Leave every picture out, and retype all the remaining records exactly.

[Records from a collection]
-- -- --
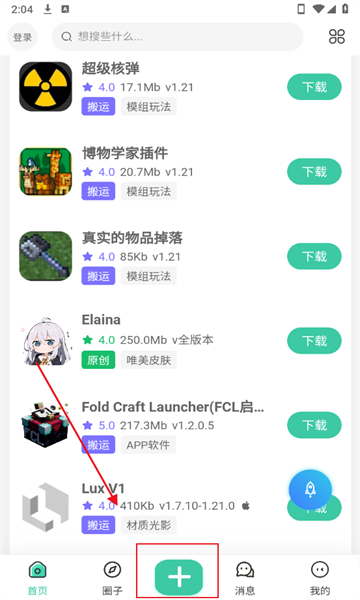 1.下载并进入软件后,登录账号,然后进入主页面,点击中间加号
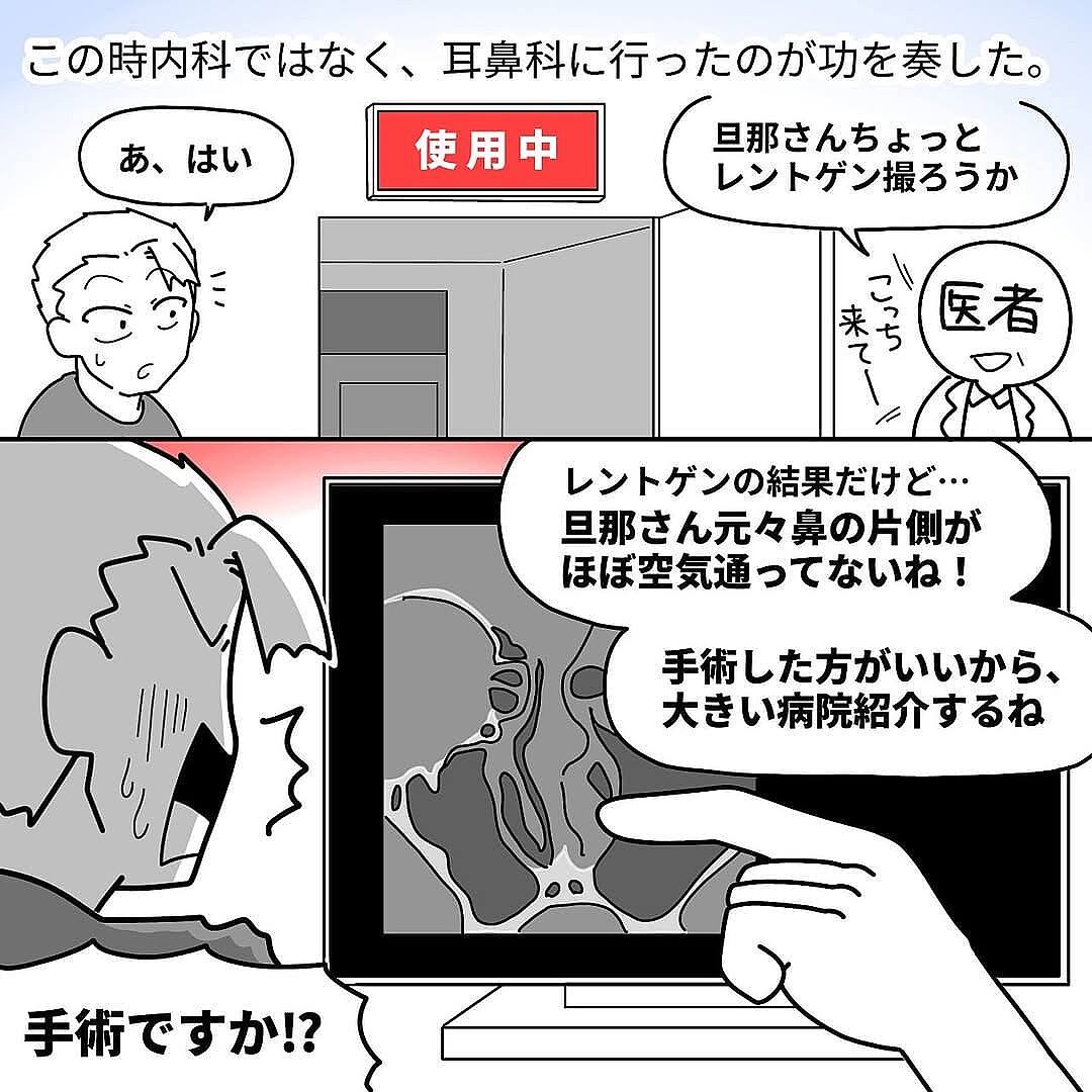 やまみーさんの漫画「鼻中隔湾曲症で手術をした話」(全4話)が、インスタグラムで合計5000以上の「いいね」を集めて話題となっています。【漫画】本編を読む「鼻が詰まって息ができない」という夫を、妻が耳鼻科に連れていきました。診察の結果、片側の鼻にほぼ空気が通っていないことが判明。簡単な手術で治ると言われましたが……という内容で、読者からは「私も同じ治療を受けました」「共感しかない!」などの声が上がっ
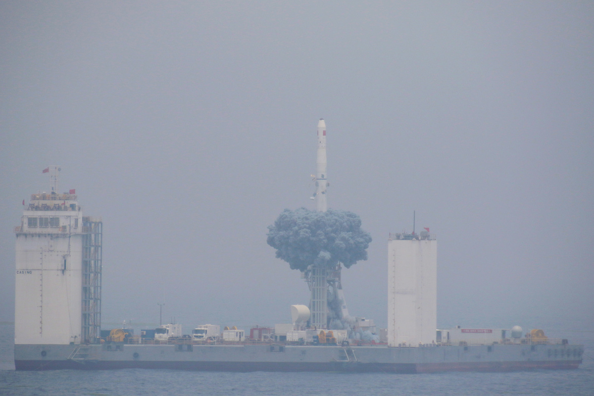 The Long March 11 rocket blasted off from a platform on a large semi-submersible barge in the Yellow Sea just after midday (0400 GMT), state media said.
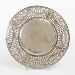 Подставка или поднос с ажурными полями, Германия, г. Ханау, 252 гр, не ниже 800 пр, диаметр 21 см, диаметр дна 11,3 см
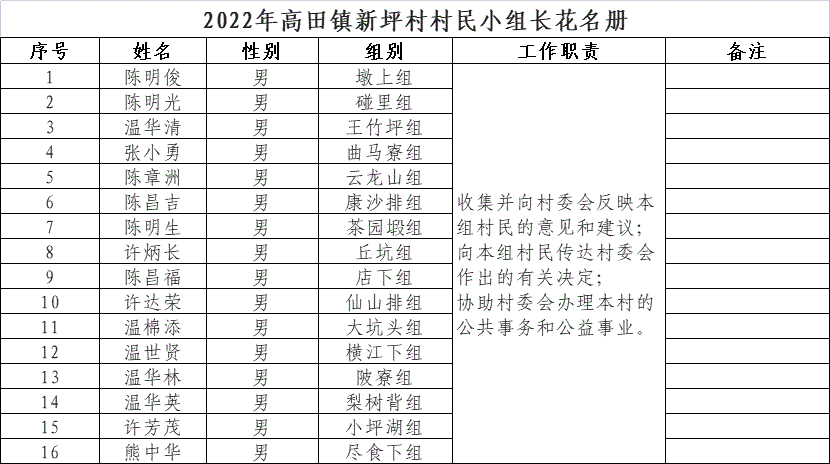 【其他人員信息】2022年高田鎮(zhèn)新坪村村民小組長花名冊
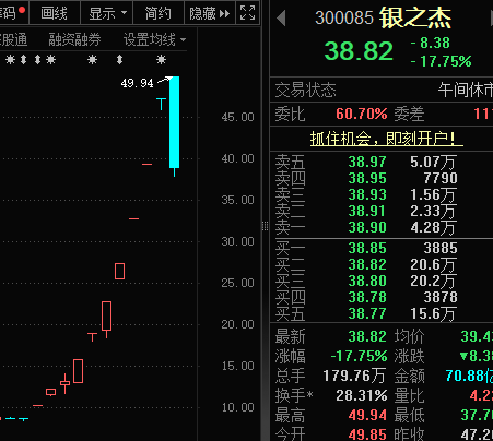 作为本轮行情的绝对领头羊,互联网金融板块涌现出众多牛股,如银之杰、安硕信息、赢时胜等。然而,今天早盘这些股票却集体遭遇重挫,上述三只个股一度全部触及20cm跌停。值得注意的是,这些个股闪崩的速度惊人一致,均在短短1分钟内跳水跌停。其中,银之杰高开后跳水,1分钟内跌幅超24%,一度被封死跌停;而后两只股票则是低开跳水。
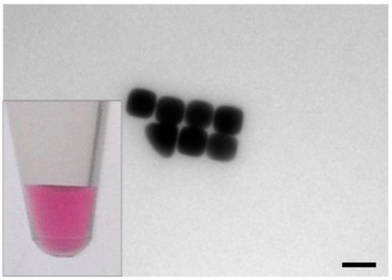 TEM image of gold nanocubes, which show a bright pink color in colloidal solution (inset: photograph of nanocube solution). The gold nanocubes had a size of 49.4 ± 5 nm with a surface area of 0.0146 µm2, scalebar: 50 nm.
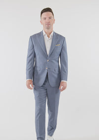 Elevate your style with the sharp, custom-made Vista Blue Sharkskin Suit. Make a statement with its head-turning design that exudes cool and confidence. Expertly crafted to fit you perfectly, the Super 120s 100% merino wool will have you looking your best for any occasion.
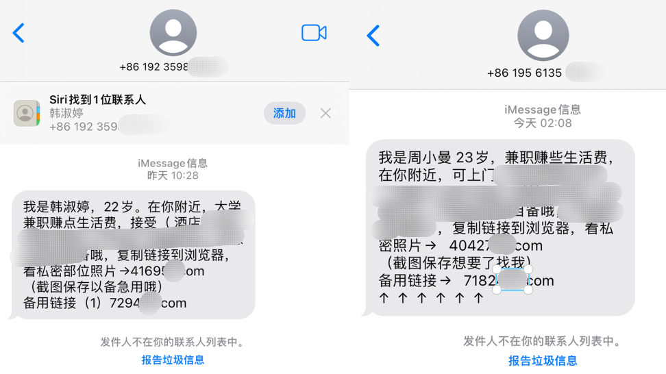 丈夫多次莫名收到涉黄短信
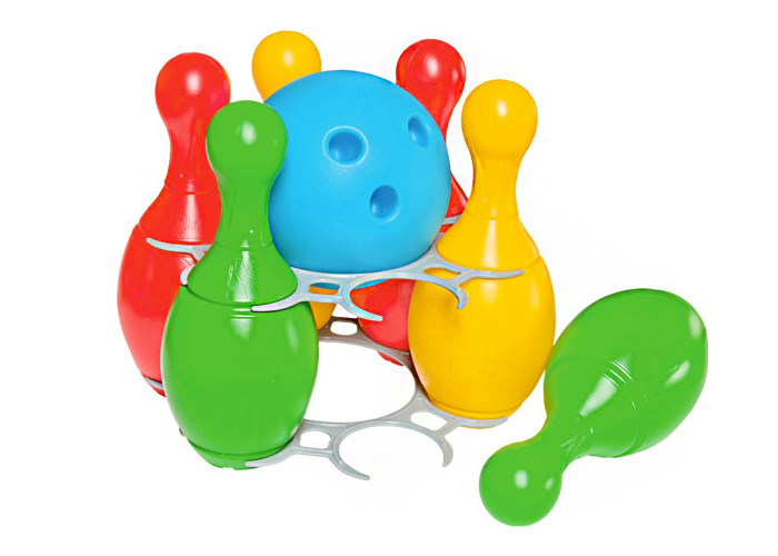 Комплект складається з набору яскравих різнокольорових кеглів та кулі. Якісний, стійкий до ударів пластик, з якого виготовлені кеглі і кулі, не втратить свій колір, не потріскається від ударів, зберігаючи надовго свій первісний вигляд. Всі складові елементи округлої форми, не мають гострих кутів і є абсолютно безпечними для дитини.
-- -- --
- _ANSWER TO THIS PROBLEM_:
 1.下载并进入软件后,登录账号,然后进入主页面,点击中间加号
 やまみーさんの漫画「鼻中隔湾曲症で手術をした話」(全4話)が、インスタグラムで合計5000以上の「いいね」を集めて話題となっています。【漫画】本編を読む「鼻が詰まって息ができない」という夫を、妻が耳鼻科に連れていきました。診察の結果、片側の鼻にほぼ空気が通っていないことが判明。簡単な手術で治ると言われましたが……という内容で、読者からは「私も同じ治療を受けました」「共感しかない!」などの声が上がっ
 The Long March 11 rocket blasted off from a platform on a large semi-submersible barge in the Yellow Sea just after midday (0400 GMT), state media said.
 Подставка или поднос с ажурными полями, Германия, г. Ханау, 252 гр, не ниже 800 пр, диаметр 21 см, диаметр дна 11,3 см
 【其他人員信息】2022年高田鎮(zhèn)新坪村村民小組長花名冊
 作为本轮行情的绝对领头羊,互联网金融板块涌现出众多牛股,如银之杰、安硕信息、赢时胜等。然而,今天早盘这些股票却集体遭遇重挫,上述三只个股一度全部触及20cm跌停。值得注意的是,这些个股闪崩的速度惊人一致,均在短短1分钟内跳水跌停。其中,银之杰高开后跳水,1分钟内跌幅超24%,一度被封死跌停;而后两只股票则是低开跳水。
 TEM image of gold nanocubes, which show a bright pink color in colloidal solution (inset: photograph of nanocube solution). The gold nanocubes had a size of 49.4 ± 5 nm with a surface area of 0.0146 µm2, scalebar: 50 nm.
 Elevate your style with the sharp, custom-made Vista Blue Sharkskin Suit. Make a statement with its head-turning design that exudes cool and confidence. Expertly crafted to fit you perfectly, the Super 120s 100% merino wool will have you looking your best for any occasion.
 丈夫多次莫名收到涉黄短信
 Комплект складається з набору яскравих різнокольорових кеглів та кулі. Якісний, стійкий до ударів пластик, з якого виготовлені кеглі і кулі, не втратить свій колір, не потріскається від ударів, зберігаючи надовго свій первісний вигляд. Всі складові елементи округлої форми, не мають гострих кутів і є абсолютно безпечними для дитини.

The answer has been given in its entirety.